ACTIVITY
Copy out the whole listing exactly as written, leaving the pictures behind.

INPUT DATA
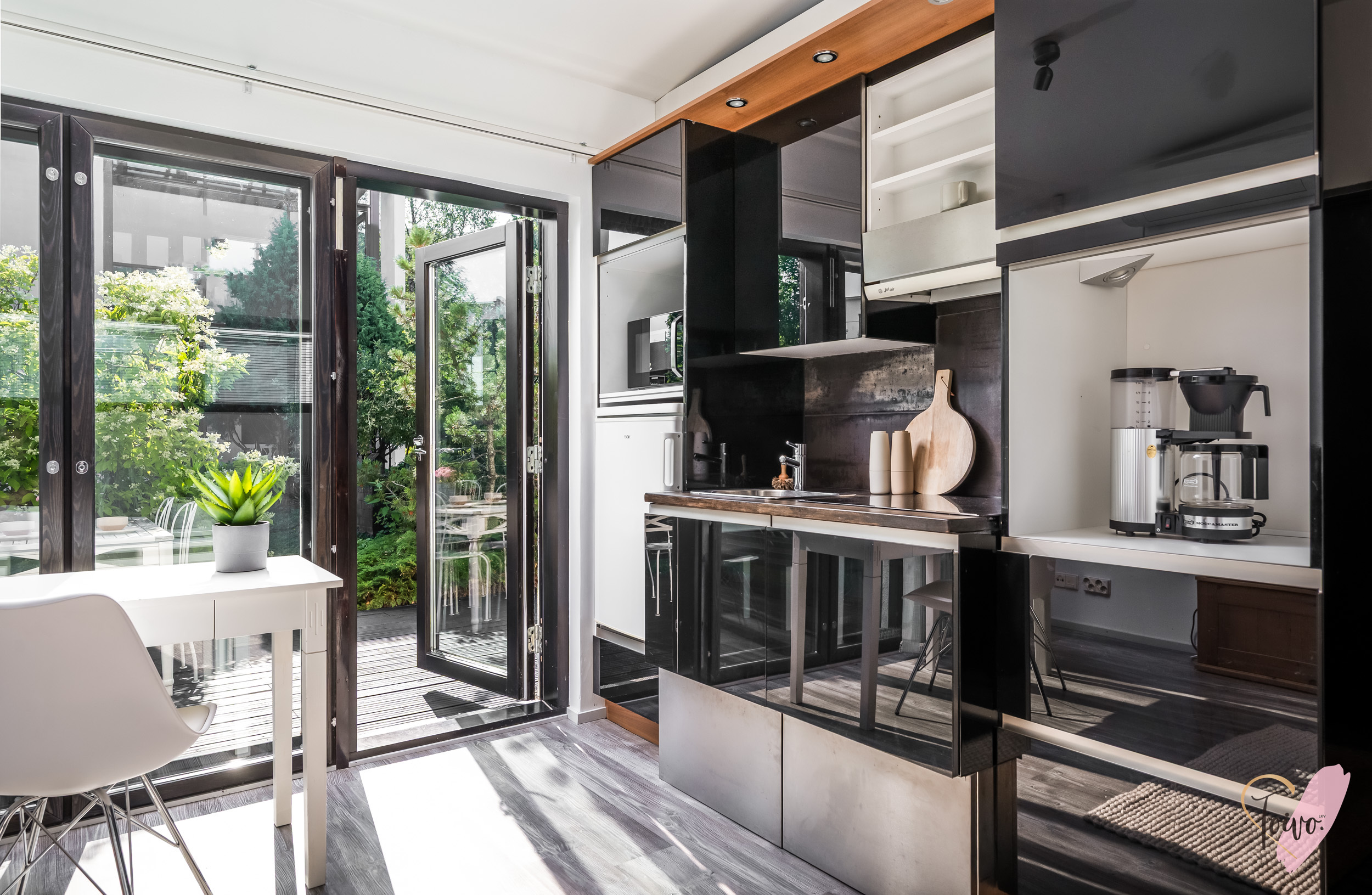 Keittiö on oma tilansa olohuoneen ja ruokailutilan välissä. Valkoiset täyspuiset kaapistot ja kalusteisiin mukavalla käyttökorkeudelle integroidut kodinkoneet takaavat miellyttävän käytettävyyden ja suora yhteys terassille tekee siitä kesäisin täydellisen paikan ruokailuun ja yhdessäoloon. Ympäri vuoden lisäksi käytössä on ihanan tilava ruokailutila, jossa huoletta voi olla 10 hengen ruokapöytä, jonka ääreen kokoontua.
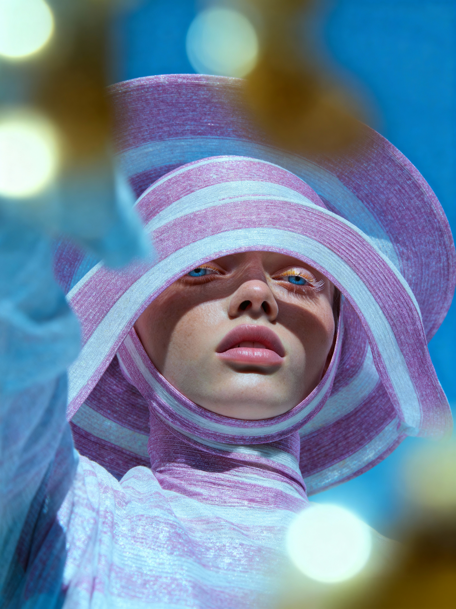 A striking close-up of a person in pastel pink and white attire against a vibrant blue background, with dramatic lighting and shadows.
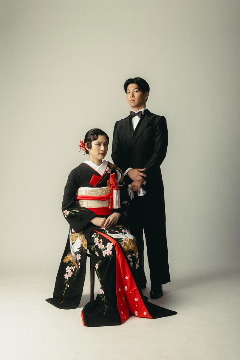 新婦は振り袖、新郎はタキシード、あるいはウェディングドレスに和小物を合わせるなど、あえて「和洋」をミックスするコーディネートもおすすめです。固定観念に縛られないスタイルは、知的でモダンなかっこよさを引き立てます。
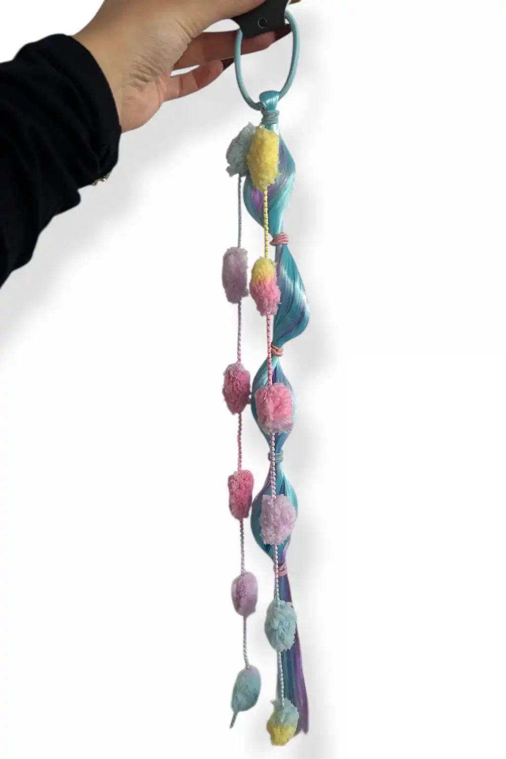 Mavi Ve Pembe Renk Saç Detaylı Lastik Toka

SOLUTION BELOW
 Keittiö on oma tilansa olohuoneen ja ruokailutilan välissä. Valkoiset täyspuiset kaapistot ja kalusteisiin mukavalla käyttökorkeudelle integroidut kodinkoneet takaavat miellyttävän käytettävyyden ja suora yhteys terassille tekee siitä kesäisin täydellisen paikan ruokailuun ja yhdessäoloon. Ympäri vuoden lisäksi käytössä on ihanan tilava ruokailutila, jossa huoletta voi olla 10 hengen ruokapöytä, jonka ääreen kokoontua.
 A striking close-up of a person in pastel pink and white attire against a vibrant blue background, with dramatic lighting and shadows.
 新婦は振り袖、新郎はタキシード、あるいはウェディングドレスに和小物を合わせるなど、あえて「和洋」をミックスするコーディネートもおすすめです。固定観念に縛られないスタイルは、知的でモダンなかっこよさを引き立てます。
 Mavi Ve Pembe Renk Saç Detaylı Lastik Toka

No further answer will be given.